# New Braunfels Offset with Stainless Doors



## tsoftwerks (May 7, 2021)

I have a New Braunfels with stainless steel doors, can't find another one like it by google search.  Would it be worth it to strip doors and sell to someone doing a rebuild.... I know stainless is not cheap.


----------



## Colin1230 (May 7, 2021)

First off, welcome to the forum. Not familiar with that brand but I'm sure others are. Is it possible to get some pics?


----------



## 912smoker (May 7, 2021)

Welcome to SMF from SE Ga . Are you not using the smoker ? Don't need the doors ?


----------



## tsoftwerks (May 10, 2021)

I don't need the smoker, but the folks around here nickel and dime on the local classified site, so someone will offer me $50 for the whole smoker.  The stainless doors are probably worth 100 themselves?  dunno.  Got this smoker from my father in law when he moved, and haven't used it, thought perhaps the doors would be easy to ship anywhere in US.  Just putting feelers out... my assumptions could be all wrong.


----------



## JWFokker (May 16, 2021)

Can't tell from the photo if that's a Hondo or a Black Diamond, but they're very similar regardless (possibly the same). I would list the doors on ebay or sell them here.
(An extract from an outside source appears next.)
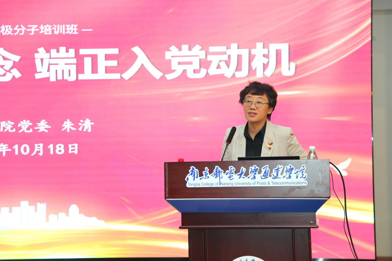 院党委书记朱清作了动员讲话。她首先对参与本次培训班的学员表示祝贺,希望全体学员珍惜这次宝贵的培训机会。并从为什么参加积极分子培训,培训学什么,怎么学这三个问题入手,阐述了参加积极分子培训班的重要意义,她强调全体学员要将理论学习和日常工作结合起来,在学习生活中,把学到的知识内化为信念,外化为行动。在培训期间要做好时间管理,认真参加每次学习活动、交流活动、实践活动,遵守党校的规定,高质量的完成培训任务。要自觉按照党员的标准要求自己,早日成为一名光荣的共产党员。

Unfortunately those smokers were pretty inexpensive so I doubt you'd get much more for the whole cooker than you would selling just the doors. I think $100 for the doors is fair. They're a nice accessory.


----------



## JWFokker (May 16, 2021)

Colin1230 said:


> First off, welcome to the forum. Not familiar with that brand but I'm sure others are. Is it possible to get some pics?



New Braunfels became Oklahoma Joe. Many of the designs were reused, but no longer sold under the original brand.


----------